Call wrapper for stdout
"""
def write(self, s):
cleanMsg(s, False)
class StdErrWrapper:
"""
Call wrapper for stderr
"""
def write(self, s):
cleanMsg(s, True)
Now we would call this in one of our scripts for example:
import foo.log
foo.log.initLogging(20, foo.log.StdOutWrapper(), foo.log.StdErrWrapper())
sys.stdout.write('[ERROR] Foobar blew')
Which would be converted into an error log message. Like:
[ERROR] | 20090610 083215 | __init__.py | Foobar Blew
Now the problem is when we do that, The module where the error message was logged is now the __init__ (corresponding to foo.log.__init__.py file) which defeats the whole purpose.
I tried doing a deepCopy/shallowCopy of the stderr/stdout objects, but that does nothing, it still says the module the message occured in __init__.py. How can i make it so this doesn't happen?
The problem is that the logging module is looking a single layer up the call stack to find who called it, but now your function is an intermediate layer at that point (Though I'd have expected it to report cleanMsg, not __init__, as that's where you're calling into log()). Instead, you need it to go up two levels, or else pass who your caller is into the logged message. You can do this by inspecting up the stack frame yourself and grabbing the calling function, inserting it into the message.

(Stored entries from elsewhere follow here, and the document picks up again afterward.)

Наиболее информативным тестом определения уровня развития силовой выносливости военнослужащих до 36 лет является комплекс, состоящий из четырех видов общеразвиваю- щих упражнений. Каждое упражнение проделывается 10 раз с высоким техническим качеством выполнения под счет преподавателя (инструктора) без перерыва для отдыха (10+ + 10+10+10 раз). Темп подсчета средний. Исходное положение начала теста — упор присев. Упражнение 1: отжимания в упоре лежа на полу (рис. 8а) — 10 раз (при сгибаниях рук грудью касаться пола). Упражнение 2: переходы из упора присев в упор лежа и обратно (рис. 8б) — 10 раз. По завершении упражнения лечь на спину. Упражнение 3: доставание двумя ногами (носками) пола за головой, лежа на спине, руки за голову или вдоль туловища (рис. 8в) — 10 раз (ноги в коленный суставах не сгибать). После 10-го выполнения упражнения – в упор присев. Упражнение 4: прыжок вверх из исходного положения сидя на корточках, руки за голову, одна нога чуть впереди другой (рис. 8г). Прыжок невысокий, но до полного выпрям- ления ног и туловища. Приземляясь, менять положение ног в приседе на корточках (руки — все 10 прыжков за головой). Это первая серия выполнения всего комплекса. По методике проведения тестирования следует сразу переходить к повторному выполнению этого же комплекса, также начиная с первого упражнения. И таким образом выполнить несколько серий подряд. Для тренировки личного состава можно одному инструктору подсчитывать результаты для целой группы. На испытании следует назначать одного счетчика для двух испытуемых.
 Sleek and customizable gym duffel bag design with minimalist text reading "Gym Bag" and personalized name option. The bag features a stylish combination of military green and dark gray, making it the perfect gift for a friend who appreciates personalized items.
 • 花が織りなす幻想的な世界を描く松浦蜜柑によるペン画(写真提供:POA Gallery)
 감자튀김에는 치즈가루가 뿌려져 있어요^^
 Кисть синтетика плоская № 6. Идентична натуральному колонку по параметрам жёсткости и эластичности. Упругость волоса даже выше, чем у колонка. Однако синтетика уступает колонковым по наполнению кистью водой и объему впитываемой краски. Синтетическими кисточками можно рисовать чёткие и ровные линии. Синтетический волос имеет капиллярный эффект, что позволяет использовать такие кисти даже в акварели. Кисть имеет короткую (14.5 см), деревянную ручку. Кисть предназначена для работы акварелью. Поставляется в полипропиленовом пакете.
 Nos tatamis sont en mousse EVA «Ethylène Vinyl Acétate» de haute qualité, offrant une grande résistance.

To find your calling frame, you can use the inspect module:
import inspect
f = inspect.currentframe(N)
will look up N frames, and return you the frame pointer. ie your immediate caller is currentframe(1), but you may have to go another frame up if this is the stdout.write method.
Once you have the calling frame, you can get the executing code object, and look at the file and function name associated with it. eg:
code = f.f_code
caller = '%s:%s' % (code.co_filename, code.co_name)
You may also need to put some code to handle non-python code calling into you (ie. C functions or builtins), as these may lack f_code objects.
Alternatively, following up mikej's answer, you could use the same approach in a custom Logger class inheriting from logging.Logger that overrides findCaller to navigate several frames up, rather than one.
I think the problem is that your actual log messages are now being created by the logy.error and logy.info calls in cleanMsg, hence that method is the source of the log messages and you are seeing this as __init__.py
If you look in the source of Python's lib/logging/__init__.py you will see a method defined called findCaller which is what the logging module uses to derive the caller of a logging request.
Perhaps you can override this on your logging object to customise the behaviour?